From the line containing "21:25 いいね! 268" to the end of the data, retype every line exactly and nothing else. Drop the pictures.

**SOURCE MATERIAL**
* * *
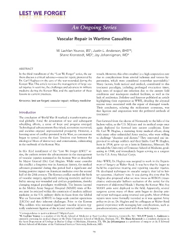 Keywords: lest we forget; vascular repair; military medicine highlighting their experience in WWII, detailing the abysmal
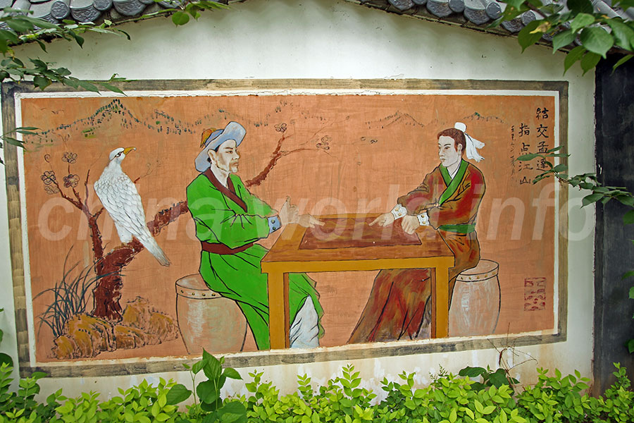 小法儀西坡に立てられている「法正故里」の石碑。 「結交孟達、指点江山」の図。法正と孟達が語る図。 「一代謀臣、漢法正像」の図。石碑東西の壁にたくさん描かれている。 「祖父法真、言伝身教」の図。法正とその祖父である法真。 基本情報 【訪問時期】2017年5月2日 【関連人物】法正 【文物保護】– ちょこっと解説 法正、字は孝直。雍州扶風郡郿県(現在の陝西省眉県湯峪鎮小法儀)の人。もとは劉璋の配下。法正は、劉備が成都に侵攻したときに、劉璋に投降を勧めている。後も劉備に漢中を取ることを進言するなど、その才識は劉備から大きな信任を得ていた。 法正故里、現在は「法正故里」と刻まれた石が立てられている。また小法儀西坡村から東の小法儀村、西の金寨村へ行く公路脇に法正の故事にまつわる図がいくつも描かれている。 探訪後記 位置情報 在野の士であるあなたはこの位置情報を閲覧できません。仕官申請しますか。 投稿情報【カテゴリ】陝西省 眉県【 タグ 】法正【公開範囲】校尉 都督 大将軍 丞相【掲載日時】2018年3月15日 00:20【更新日時】2019年1月12日 21:25 いいね! 268
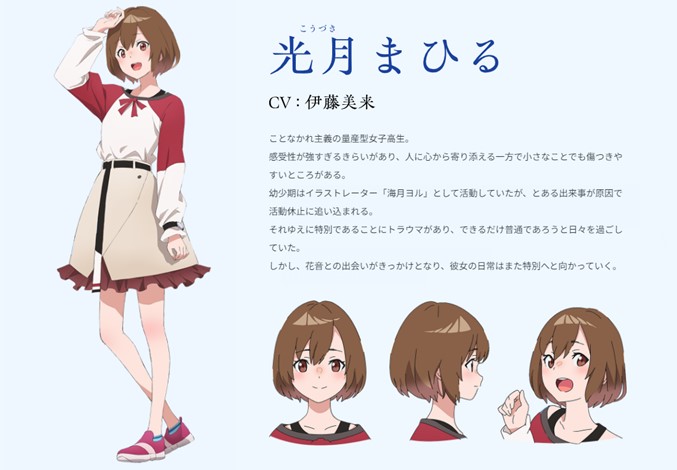 The official website for the upcoming original anime Jellyfish Can’t Swim in the Night has released character visuals for protagonist Mahiru Kozuki (see below), along with a cute new character trailer that gives us an insight into the high schooler’s life and personality.
* * *
**SOLUTION FOR THIS TASK**
 小法儀西坡に立てられている「法正故里」の石碑。 「結交孟達、指点江山」の図。法正と孟達が語る図。 「一代謀臣、漢法正像」の図。石碑東西の壁にたくさん描かれている。 「祖父法真、言伝身教」の図。法正とその祖父である法真。 基本情報 【訪問時期】2017年5月2日 【関連人物】法正 【文物保護】– ちょこっと解説 法正、字は孝直。雍州扶風郡郿県(現在の陝西省眉県湯峪鎮小法儀)の人。もとは劉璋の配下。法正は、劉備が成都に侵攻したときに、劉璋に投降を勧めている。後も劉備に漢中を取ることを進言するなど、その才識は劉備から大きな信任を得ていた。 法正故里、現在は「法正故里」と刻まれた石が立てられている。また小法儀西坡村から東の小法儀村、西の金寨村へ行く公路脇に法正の故事にまつわる図がいくつも描かれている。 探訪後記 位置情報 在野の士であるあなたはこの位置情報を閲覧できません。仕官申請しますか。 投稿情報【カテゴリ】陝西省 眉県【 タグ 】法正【公開範囲】校尉 都督 大将軍 丞相【掲載日時】2018年3月15日 00:20【更新日時】2019年1月12日 21:25 いいね! 268
 The official website for the upcoming original anime Jellyfish Can’t Swim in the Night has released character visuals for protagonist Mahiru Kozuki (see below), along with a cute new character trailer that gives us an insight into the high schooler’s life and personality.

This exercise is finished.